Per fare un esempio concreto di come si passa il tempo qui al rione, ci sia gente oggigiorno a cui scappa di dire che tra un genio e un maritozzo non c’è grande differenza, e dopo aver fatto questa asserzione incauta, la mattina al bar sotto casa, la debbano sostenere e giustificare. L’ho sentito con le mie orecchie, e nemmeno serve fare il nome o meglio soprannome di uno di costoro. Comunque, senz’altra scelta deve appartenere alla razza di chi si alza presto per perdere molto tempo, come del resto chi lo sta ad ascoltare, e rimane il dubbio se in segreto vorrebbe esser genio per venire invidiato e vezzeggiato, condizione che crede più vantaggiosa dell’esser compatito come di solito gli capita.

Ai genii infatti è permesso di comportarsi come gli pare, perfino in modo brutale, tanto veemente è la giustificazione della loro vocazione.

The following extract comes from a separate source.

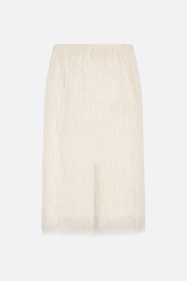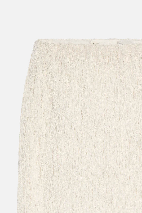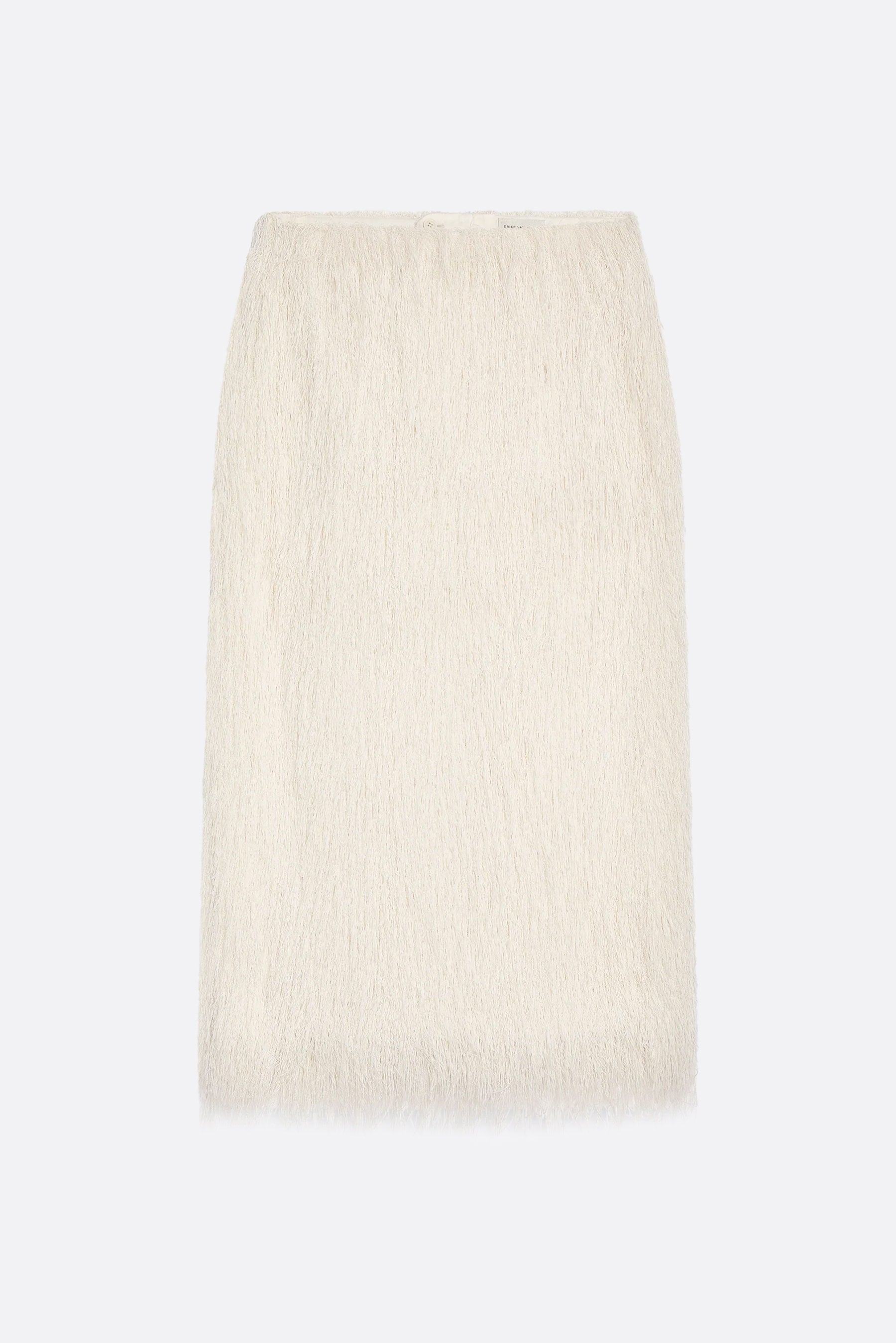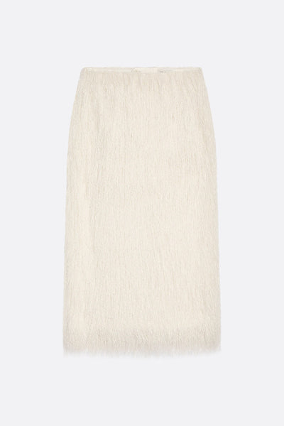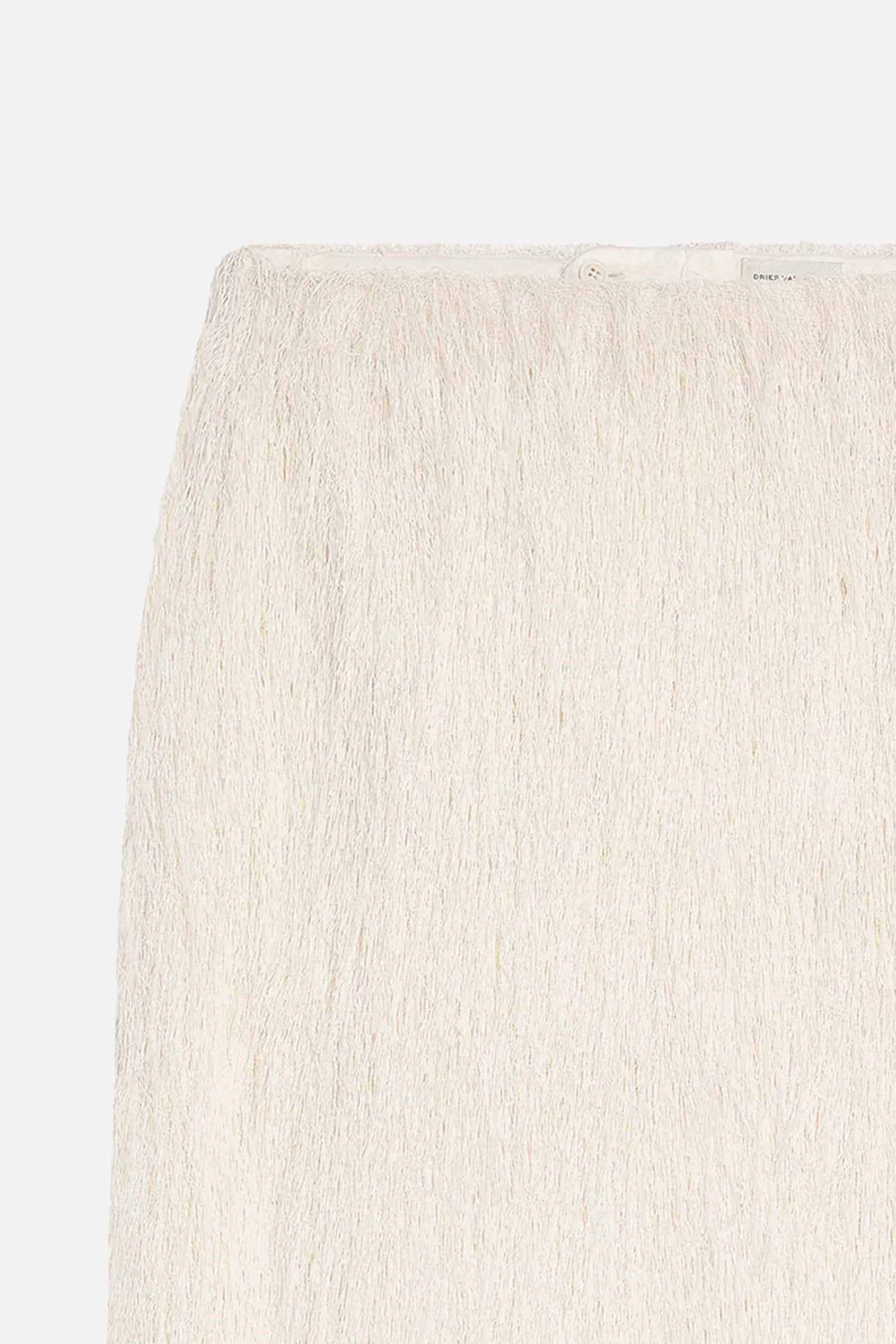 Dries Van Noten midi skirt crafted from lightweight fringe fabric. Featuring a back hook and button closure, a rear slit, and a lined interior.

A questi eroi dello spirito è resa lecita la completa noncuranza per le esigenze altrui, dei non-genii voglio dire, ma a differenza di questi ultimi vengono sopportati e anzi incoraggiati nella loro condotta, spesso proterva, in virtù del dono di cui ci rendono partecipi, delle straordinarie qualità del loro ingegno creatore. Se fossero uomini come gli altri i genii sarebbero piuttosto antipatici e spesso lo sono comunque, appena appena a uno, un non-genio si capisce, accade di scordare il gran bene che ci fanno.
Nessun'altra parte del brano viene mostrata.